The days of Edward R. Murrow, Walter Chronkite, Chet
Huntley, David Brinkley, Frank McGee, Eric Sevareid, and Nancy Dickerson are
gone. Reporting the facts has been replaced with commentary, meant to evoke
emotion, entertain, and “sell”. We pay
attention only to those whose commentary support our already cemented opinions
and rally to the heightened emotion and rush to “buy”.
Does The Media Purposely Fan The
Flames Of Political Divisiveness? Anne
Kim, editor and co-founder of Republic 3.0 and The Hill
contributor provides the answer in her
March
12, 2015 The Hill column “When the political
press becomes the polarizer”.
“All of this is why political journalism might be
fanning the flames of the polarization that it both decries and eagerly covers.

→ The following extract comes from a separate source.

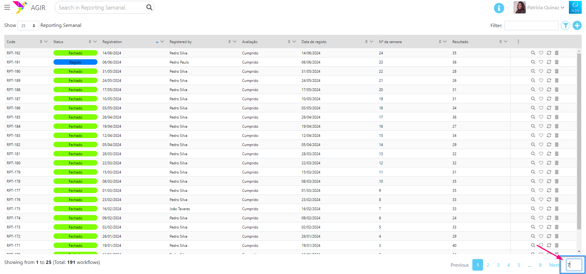 Por vezes a listagem de workflows pode ser longa e, inevitavelmente, apresentada em várias páginas. Nem todas as páginas poderão estar visíveis para aceder diretamente.

And in fact, centrists and political moderates are among the first victims of
today's politics-as-reality-show political coverage. For one thing, the bias toward
conflict-focused coverage creates a reality distortion field where the context
for any proposal becomes a pitched battle between two opposing forces.
Differences in opinion are magnified into "rifts," and disagreements
morph into "feuds." And moderates — who are inherently inclined to
compromise — are almost inevitably cast as the villains.”
In her article, Kim notes research
by University of Pennsylvania political scientist Matthew Levendusky further
showing how partisan media may reinforce these divisions. “Through a variety of experiments aimed at measuring partisan media's
impacts, Levendusky found that exposure to polarizing media can make people
"a little more extreme, a little less positive toward the other side, more
unwilling to compromise, and more willing to ascribe negative traits to the
leaders of the other party." A final consequence of current trends in
political journalism is ironic, given the immense resources given over to
political coverage: Americans may end up even less informed than ever about the
policy choices the nation must make. And so long as serious policy efforts have
little chance of winning equally serious coverage from the press, politicians
have even less reason to offer solutions that make sense.”
Don’t believe the reality TV analogy? Check out my September
12, 2014 posting “New Reality TV Show Based On Congressional Gridlock” highlighting
the reality TV show Rival Survival. In
my opinion, we have become a society that wants to be entertained rather than
informed and at times confuse what we hear when being entertained with fact.
This is also a major part of the problem. The media, whether online,
broadcast, or print, is in the business of making money. Therefore, they
provide a product that is in demand. If the demand was for facts and unbiased
reporting of all sides of an issue that is what would be provided. Herein lays
the solution.
By allowing all
voters, regardless of party registration or registration as Non-Partisan to
vote for any candidate regardless of party affiliation or status as a
Non-Partisan in the primary election, the Nevada Election Modernization and Reform Act (NEMRA) could
bring the discussion of issues back towards the majority of voters who want
policy makers to collaborate and compromise rather than remain ideologically
pure to find and implement solutions. This in turn potentially raises the
demand for unbiased information. Enough to change the media demand? Only
implementation of NEMRA and time will provide the answer.